Shirley Hughes writes in the introduction to her 2019 picture book adaptation that my naughty little sister is ‘not so very naughty really, so much as extremely determined to get what she wants.’ As this story climaxes with the child biting the hand of Father Christmas after he has given her the doll that she wants, I would argue that naughty probably is the right adjective here.
‘My naughty little sister was very pleased when Christmas began to draw near, because she liked all the excitement of the plum-puddings and the turkeys, and the crackers and the holly, and all the Christmassy looking shops, but there was one very awful thing about her – she didn’t like to think about Father Christmas at all – she said he was a horrid old man!’
I wonder if many small children feel like this about the furtive arrival in their bedrooms of a bearded stranger in a tatty red coat and furs? Perhaps it is understandable that she is not keen on meeting this ‘Father Christmas Man’ when he visits her elder sister’s school.
‘But my naughty little sister did want to go, very much, so she said, “I will go, and when the horrid Father Christmas Man comes in, I will close my eyes.”‘
This plan goes awry as My Naughty Little Sister is distracted by the promise of presents and quite forgets about the Father Christmas Man’s arrival. Shirley Hughes’s original illustration from the late 1960s goes some way to explaining the extreme reaction that follows. Compared to the kinder, softer picture book remake (top) he looks a rather severe guardian of the tree and its present lined boughs. But with her eyes set firmly on the prize, she decides to face her fears.
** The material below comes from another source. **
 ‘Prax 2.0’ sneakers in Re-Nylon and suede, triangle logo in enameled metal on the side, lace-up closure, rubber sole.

‘I don’t like that horrid old beardy man, but I do like that nice doll.’
‘So, my naughty little sister got up without being asked to, and she went right out to the front where Father Christmas Man was standing, and she said, ‘That doll, please.’
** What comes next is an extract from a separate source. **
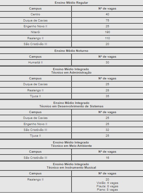 Para o Ensino Médio, são 721 vagas distribuídas entre os cursos regular, noturno e integrado. Candidatos ao ensino médio integrado podem optar entre os cursos técnicos em Administração, Desenvolvimento de Sistemas, Meio Ambiente e Instrumento Musical (modalidade Piano, Violão ou Flauta Transversal).
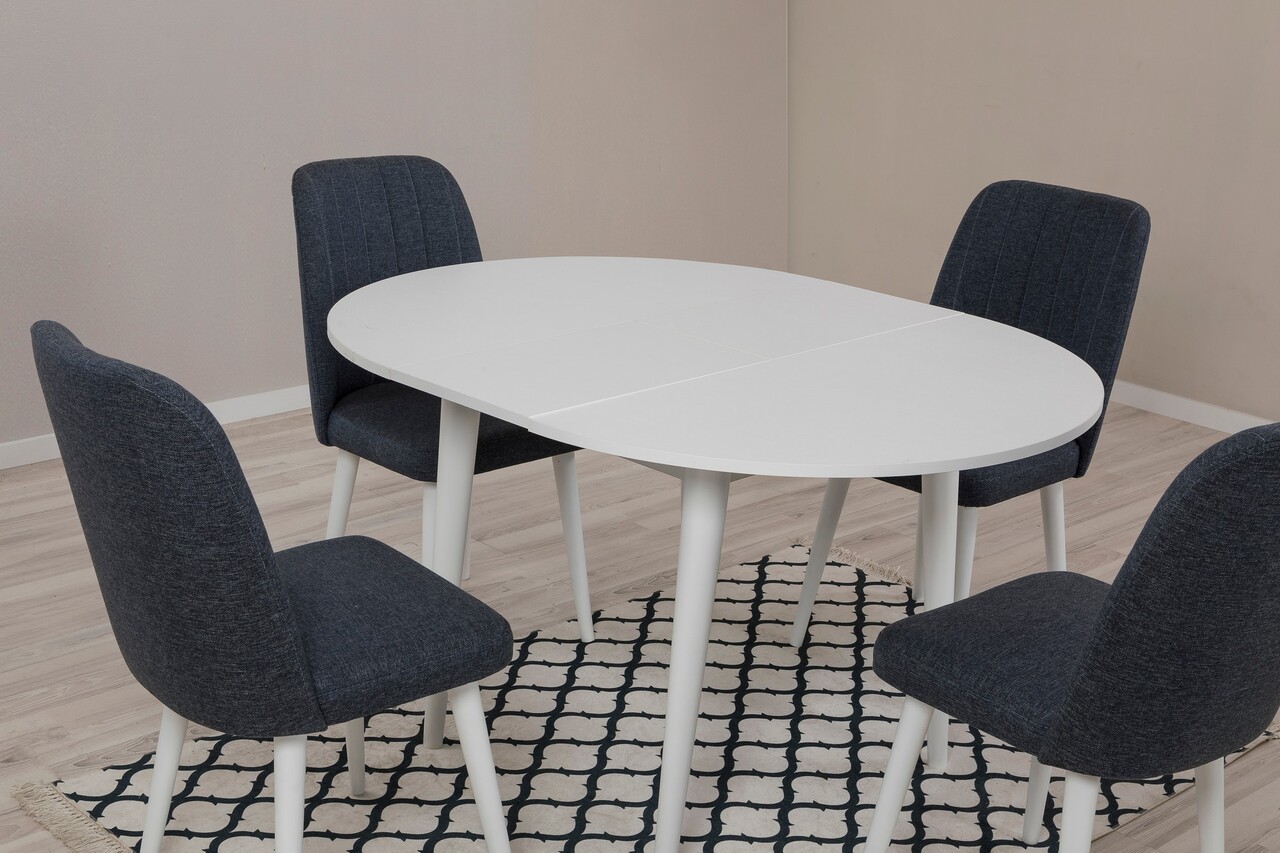 Set masa extensibila si scaune, Hanah Home, Vina 1048, Alb / Bleumarin

The final score is My Naughty Little Sister 1 – 0 Father Christmas Man. Although she appears to mellow in the aftermath of the biting incident, our heroine gets what she wants in the end. You can almost hear the conspiratorial humour in Dorothy Edwards’ voice as she asks readers whether they can think of ‘anything more dreadful’. Shirley Hughes spent time with the author and remembers her like this.
‘There was nothing cosy about her wit or her acute powers of observation. She was very funny, full of salty inconsequential remarks, a born raconteur. She told me memorable anecdotes about her childhood. She, of course, was the Naughty Little Sister.’